Дьюкейн стал подниматься по темной и пахнущей кошками лестнице. И действительно, пока он поднимался, три призрачных кошки появились и стали сопровождать его, лавируя между его башмаками и балясинами ограждения, поджидая его на площадках и снова бросаясь к нему. На четвертом этаже была единственная покрашенная дверь с американским замком и звонком. Дьюкейн позвонил и услышал, что звонок сработал.
Женский голос спросил: «Кто там?»
В собранных о Мак-Грате сведениях не упоминалось, что он был женат, и Дьюкейн считал его холостяком.
Дьюкейн сказал:
— Я хотел бы побеседовать с мистером Мак-Гратом.
— Минуту. — Послышались шаги, а потом дверь приоткрылась на дюйм. — Только не пускайте сюда крыс, ради Бога.
— Крыс? — спросил Дьюкейн.
— Кошек, я их называю большими крысами. Я собираюсь открыть дверь, и вы должны влететь сюда, иначе они вбегут за вами, быстрей!
Дверь отворилась, и Дьюкейн быстро вошел, ни одна кошка не успела увязаться за ним.
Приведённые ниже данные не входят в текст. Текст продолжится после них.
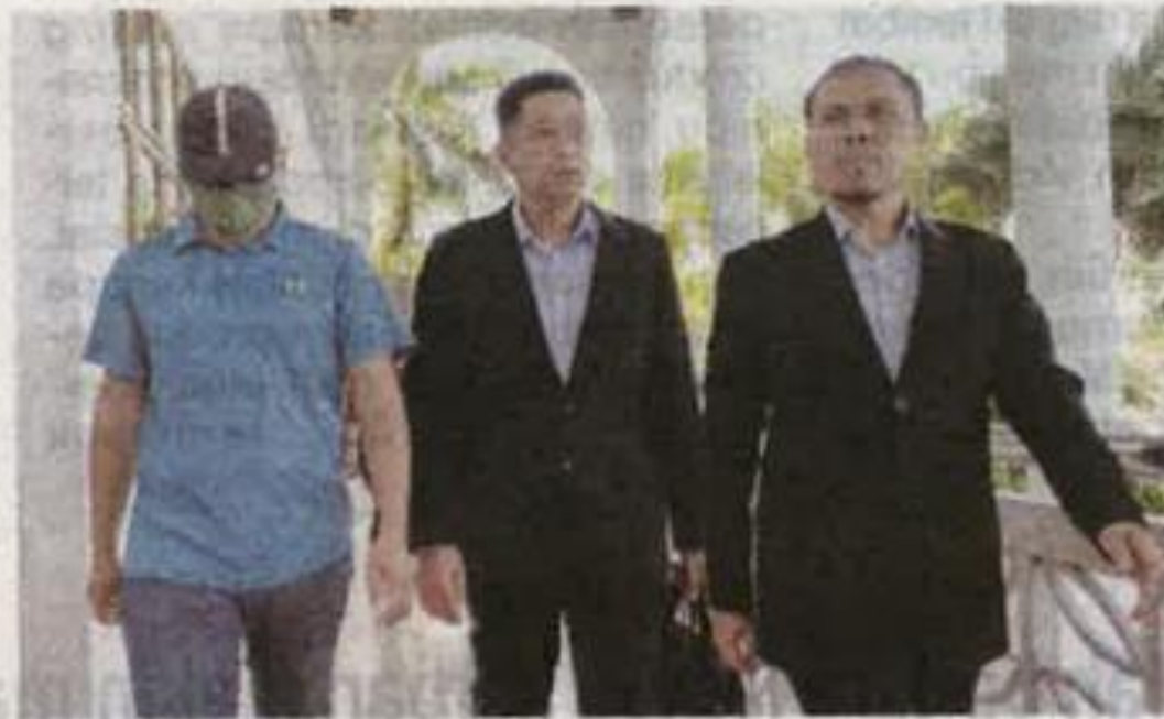
Pegawai polis terbabit (kiri) didakwa di Mahkamah Sesyen Alor Setar pada Selasa.

Perbuatan itu dilakukan dalam sebuah kereta Proton Persona di Kampung Kenangan, Serdang di daerah Bandar Baharu pada jam 10.15 malam, 21 Jun 2021.
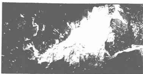
写真一三 草嶺の大規模地すべり

育はあまり良いものではない。このように、表層崩壊は、斜面勾配が大きく、風化層がある程度分布し、植生の生育もそれほどしっかりしたものでないことなどを素因として、地震動により崩れやすいところから崩壊したと考えられる。また、台地部の断層近傍の河岸段丘では、地震動の解放側にあたる河岸頂部の切り立った急斜面において表層崩壊が発生していた。

У открывшей ему дверь высокой женщины был очень темный цвет лица, такой темный, что он сначала подумал, что она — индианка. Она была одета в белый халат, а голова была укутана полотенцем. Возможно, белый тюрбан и навел на мысль об Индии. В этой женщине было нечто удивительное, но Дьюкейн не мог сразу понять, что именно. В комнате было темно и сумрачно, так как занавески были наполовину опущены.
— Я не выношу кошек, они все тащат, они вечно хотят есть и царапаются. Моя мать рассказывала, что однажды в мою колыбель прыгнула кошка и села прямо мне на лицо, и с тех пор я прихожу в ужас, если кошка входит в комнату. Забавно, правда? Вы тоже не выносите кошек?
— Нет. Я против них ничего не имею, — сказал Дьюкейн. — Извините, что беспокою вас, но я ищу мистера Мак-Грата.
— Вы из полиции?
Вопрос насторожил Дьюкейна.
— Нет, разве мистер Мак-Грат ждет полицию?
— Я не знаю, чего он ждет. Я жду полицию. Я жду, что атомная бомба упадет. У вас такой вид — как у охотника.
— Нет, я не из полиции, — сказал Дьюкейн. Но почти то же самое, подумал он с легким стыдом.
— Мак-Грата сейчас нет. Но он скоро вернется. Можете подождать, если хотите.
Дьюкейн заметил, что его нервность сейчас полностью исчезла, сменившись спокойной заинтересованностью. Он почувствовал непринужденность. Он вполне мог поверить, что у него охотничий вид, и спокойно к этому отнесся. Он начал осматриваться, и начал с женщины, которая стояла напротив.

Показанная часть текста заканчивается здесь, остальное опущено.